Monday, July 11, 2011

No news is good news!

Sorry I've been so MIA!  Things are going well.  A little over a month ago I was having pains in my lower abdomen which turned out to be contractions (not Braxton Hicks).  The doc said I needed to slow down, drink lots of fluids and focus on getting more sleep.  And here we are 36 weeks (9 mo) along and if you view the "watch me grow" page you can clearly see that I'm doing well and growing.... 

It's pretty hot here Texas reaching triple digits often so most of my time is being spent indoors these days.  Once we get to being full term (38 weeks) I hope to get out in the late evenings for a nice walks with Jeff.  I miss being able to be active and even though I'm following doctors orders it's still very hard.  I'm so happy we've had such a healthy pregnancy and no bed rest has been assigned.  I know to some of you reading you'd think bed rest sounds awesome, but I find that very hard to believe.  Just being told I needed to slow down, stop when I'm tired, listen to my body, etc. has been hard enough.  I could not imagine being told I need to stay in bed.  Sounds awful to me.  Not to mention, being in bed anyways is uncomfortable so having to STAY in bed is even worse. 
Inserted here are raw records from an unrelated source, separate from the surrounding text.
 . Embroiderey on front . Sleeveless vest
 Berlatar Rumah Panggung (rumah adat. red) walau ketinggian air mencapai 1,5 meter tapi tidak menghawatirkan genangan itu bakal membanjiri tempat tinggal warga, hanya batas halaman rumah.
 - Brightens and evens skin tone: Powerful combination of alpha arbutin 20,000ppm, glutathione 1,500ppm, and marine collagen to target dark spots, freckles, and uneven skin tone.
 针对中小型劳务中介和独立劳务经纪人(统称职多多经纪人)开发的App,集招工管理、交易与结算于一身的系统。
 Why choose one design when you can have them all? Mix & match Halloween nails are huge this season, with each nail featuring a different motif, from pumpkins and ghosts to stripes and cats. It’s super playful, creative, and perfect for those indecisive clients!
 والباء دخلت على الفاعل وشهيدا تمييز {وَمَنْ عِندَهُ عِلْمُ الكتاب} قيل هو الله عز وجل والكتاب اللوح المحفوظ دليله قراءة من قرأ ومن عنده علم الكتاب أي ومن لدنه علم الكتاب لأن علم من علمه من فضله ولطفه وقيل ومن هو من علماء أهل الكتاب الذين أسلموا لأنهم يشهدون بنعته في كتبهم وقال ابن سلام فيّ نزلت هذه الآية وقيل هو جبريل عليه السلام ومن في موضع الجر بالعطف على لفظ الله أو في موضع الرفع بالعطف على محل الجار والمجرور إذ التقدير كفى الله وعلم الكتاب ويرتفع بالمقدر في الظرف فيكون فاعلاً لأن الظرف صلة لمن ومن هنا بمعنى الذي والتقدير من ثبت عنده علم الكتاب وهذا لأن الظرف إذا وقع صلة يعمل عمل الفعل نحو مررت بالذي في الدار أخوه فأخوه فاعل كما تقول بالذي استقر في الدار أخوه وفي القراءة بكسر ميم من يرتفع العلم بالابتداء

Hannah's nursery is all ready to go!  Completely decorated.  I've washed all the bedding, clothes, blankets, burp clothes and new light/fan installed.  We've assembled the stroller, swing, bassinet, etc.  Jeff's getting help from one of our neighbors to show him how to properly install the car seat! Also, a few months ago we enrolled in two parenting/baby classes through the hospital we are delivering at...Labor in a Day and Baby Care/CPR.  Both are six hour classes that kinda run you through everything you "need" to know.  We took the first class a couple weeks ago and the second one this past Saturday.  Very informative!  While I feel I know a lot about babies in general, an infant is NOT something I know much about.  So it was nice to learn some things that we hadn't already read about in the million baby books we have. 

28 days until our due date!  August 8th!